# Under the board walk…down by the sea. yeah yeah



## vipgraphx (Sep 2, 2015)

this was taken under the pier at Pacific beach san diego.. I really wanted to try to go back and take it during sunset but didn't find the time while on vacation.

Processing is quite different and something I am trying out for large prints on canvas...




Untitled by VIPGraphX, on Flickr


----------



## astroNikon (Sep 2, 2015)

I think that looks pretty kewl looking at the details in the structure.
That outside light is a bit blown out but I think it's okay in this photo as it doesn't seem to distract from the subject itself.
I like the 2 waves coming in too - 1 distant and the other breaking - as they really add to the photo.


----------



## CaboWabo (Sep 2, 2015)

Like all the rest of the shots you have put up this one is top notch !


----------



## scotts2014se (Sep 2, 2015)

I've been waiting for something new from you. I'm really liking the processing.


----------



## knswee (Sep 2, 2015)

Very Nice...

ken


----------



## JacaRanda (Sep 2, 2015)

Pretty cool.  Looks like something I have waded through in a video game.


----------



## vipgraphx (Sep 3, 2015)

Thanks fellas!! Ill have more coming


----------



## that1guy (Sep 24, 2015)

great shot. I think just a little extra water in the foreground... possibly a ginger crop.


Great processing, but I think this shot might look better in BnW. would you mind converting to give us a visual?


----------



## Jasii (Sep 24, 2015)

that1guy said:


> great shot.
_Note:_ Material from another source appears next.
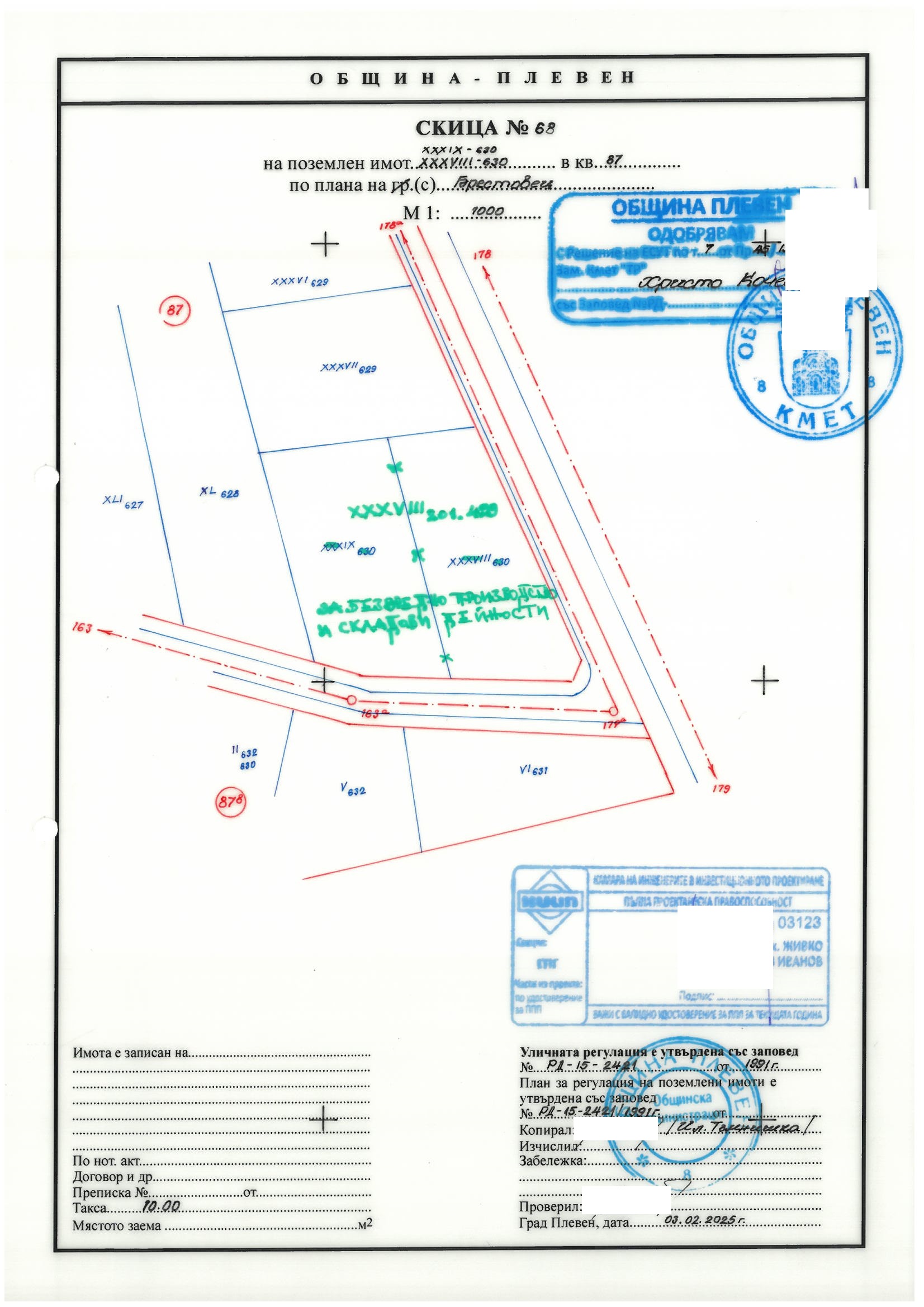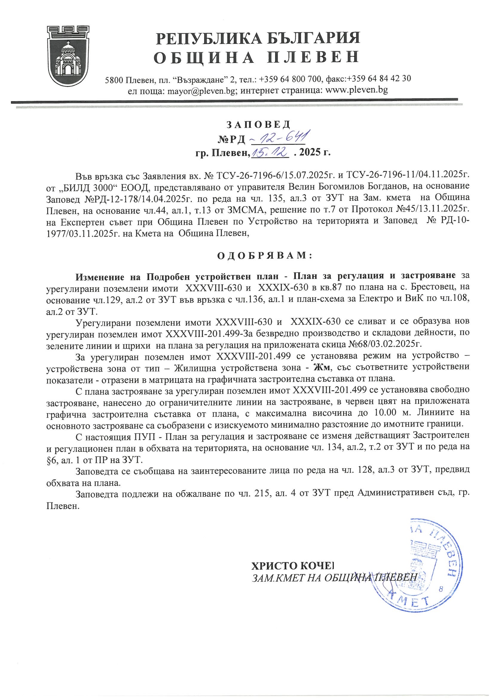 Община Плевен, на основание чл.129, ал.2 от Закона за устройство на територията съобщава, че със заповед № РД-12-641/15.12.2025 г. на Зам. кмет на Община Плевен е одобрен проект за изменение на:

I think just a little extra water in the foreground... possibly a ginger crop.
> 
> 
> Great processing, but I think this shot might look better in BnW. would you mind converting to give us a visual?
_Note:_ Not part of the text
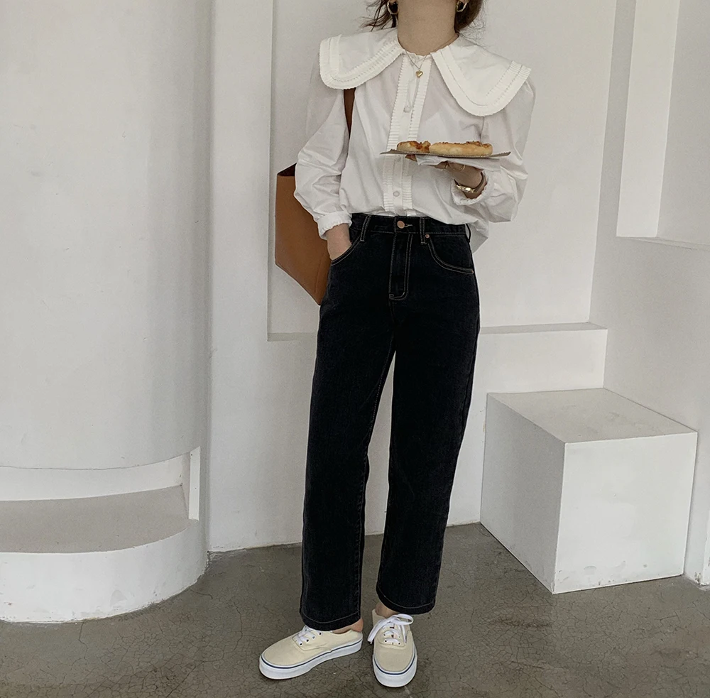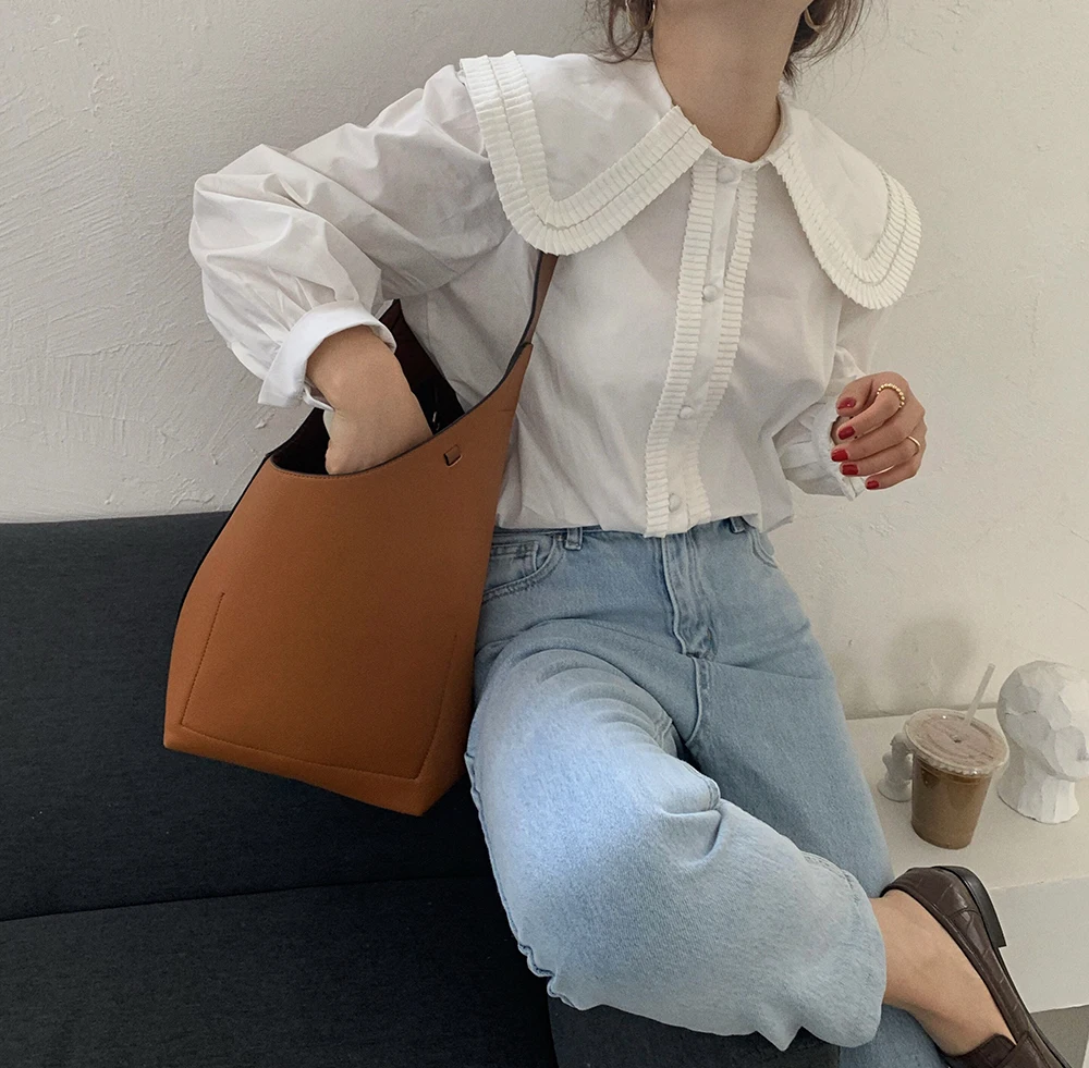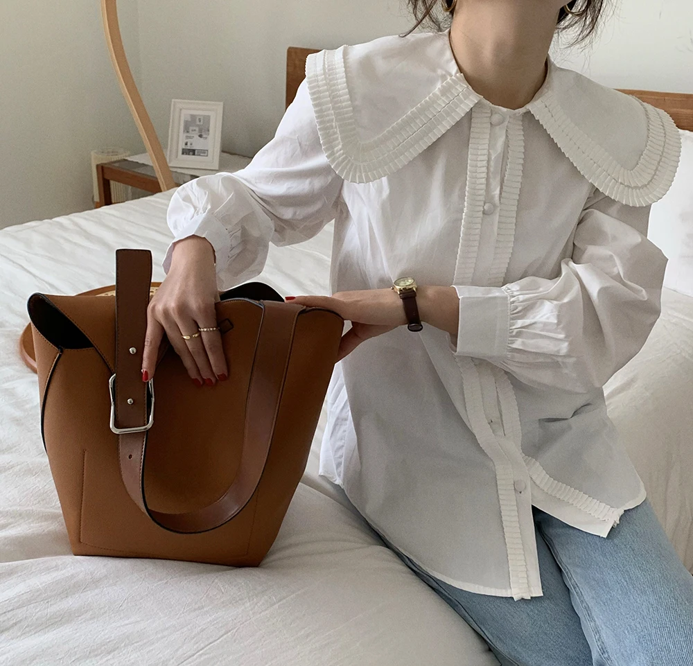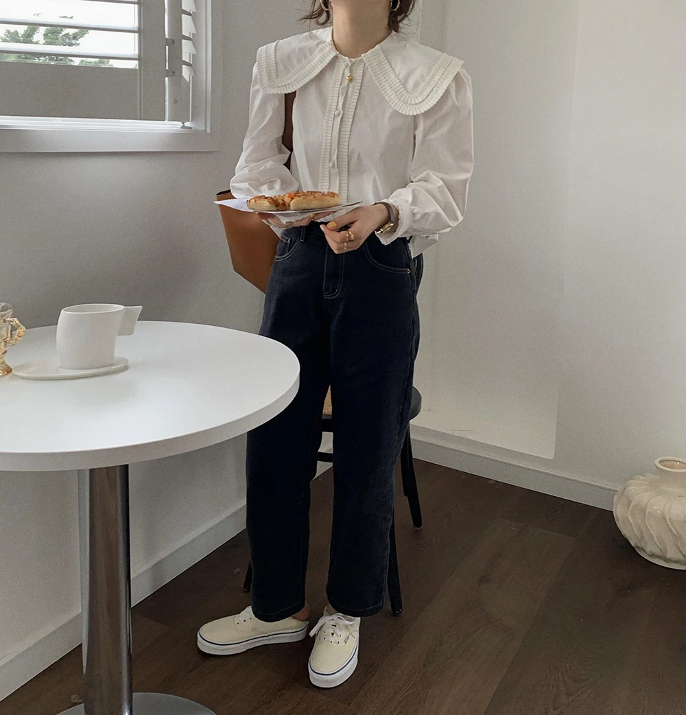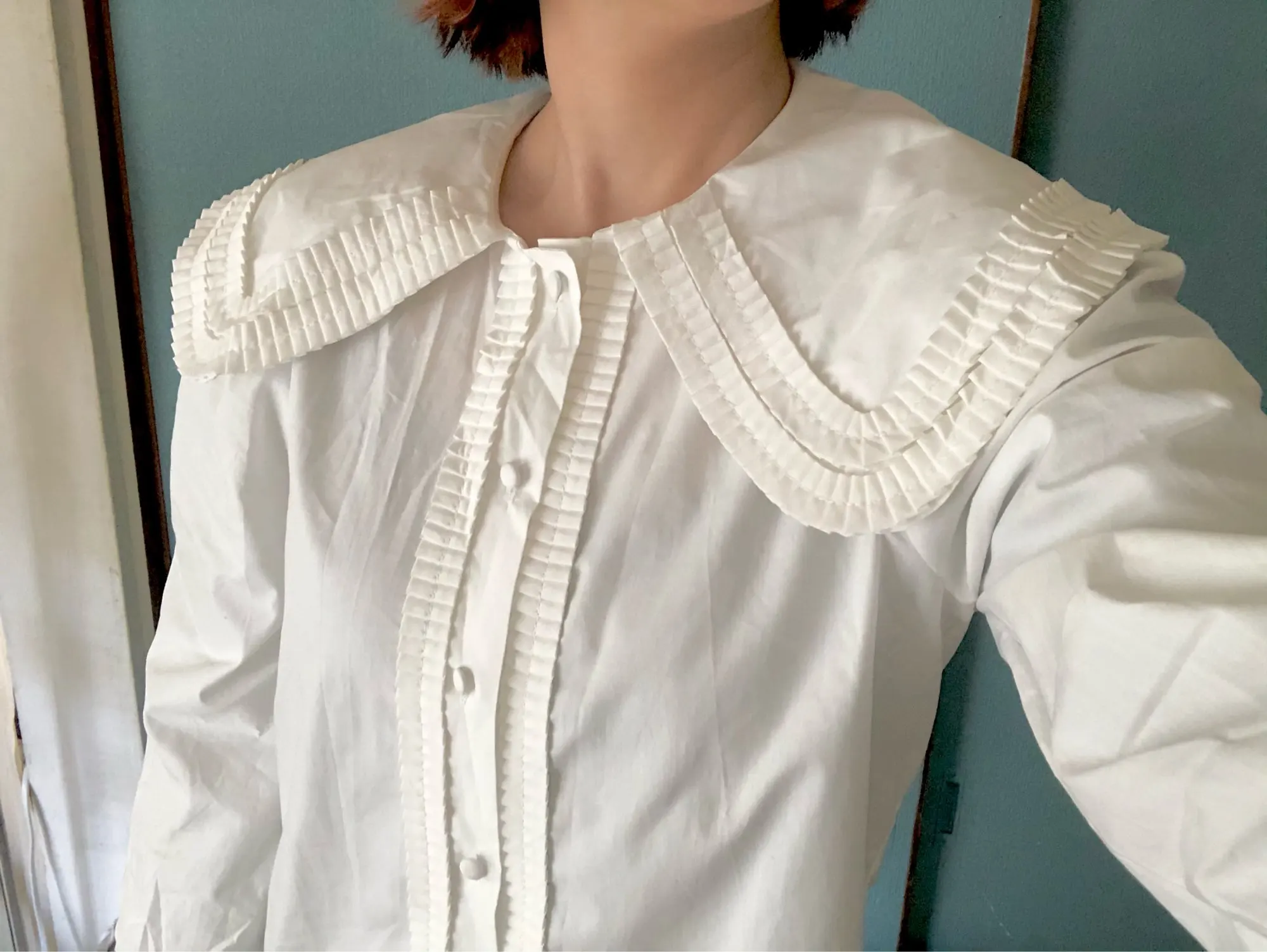 Рубашка Alien Kitty Женская шикарная в стиле ретро, нежная плиссированная Элегантная блузка с воротником Питер Пэн и длинными рукавами, Короткие топы, весна 2021

Sorry for sounding like a moron, but what exactly is a ginger crop?
Rgds,


----------



## that1guy (Sep 24, 2015)

Jasii said:


> that1guy said:
> 
> 
> > great shot. I think just a little extra water in the foreground... possibly a ginger crop.
> ...



oops I apologize... stupid iPad autocorrect ... I meant tighter crop... I don't know how ginger got added :/


----------



## PhotoriousMe (Sep 24, 2015)

I'm really becoming a fan of your work......more please.

Dave


----------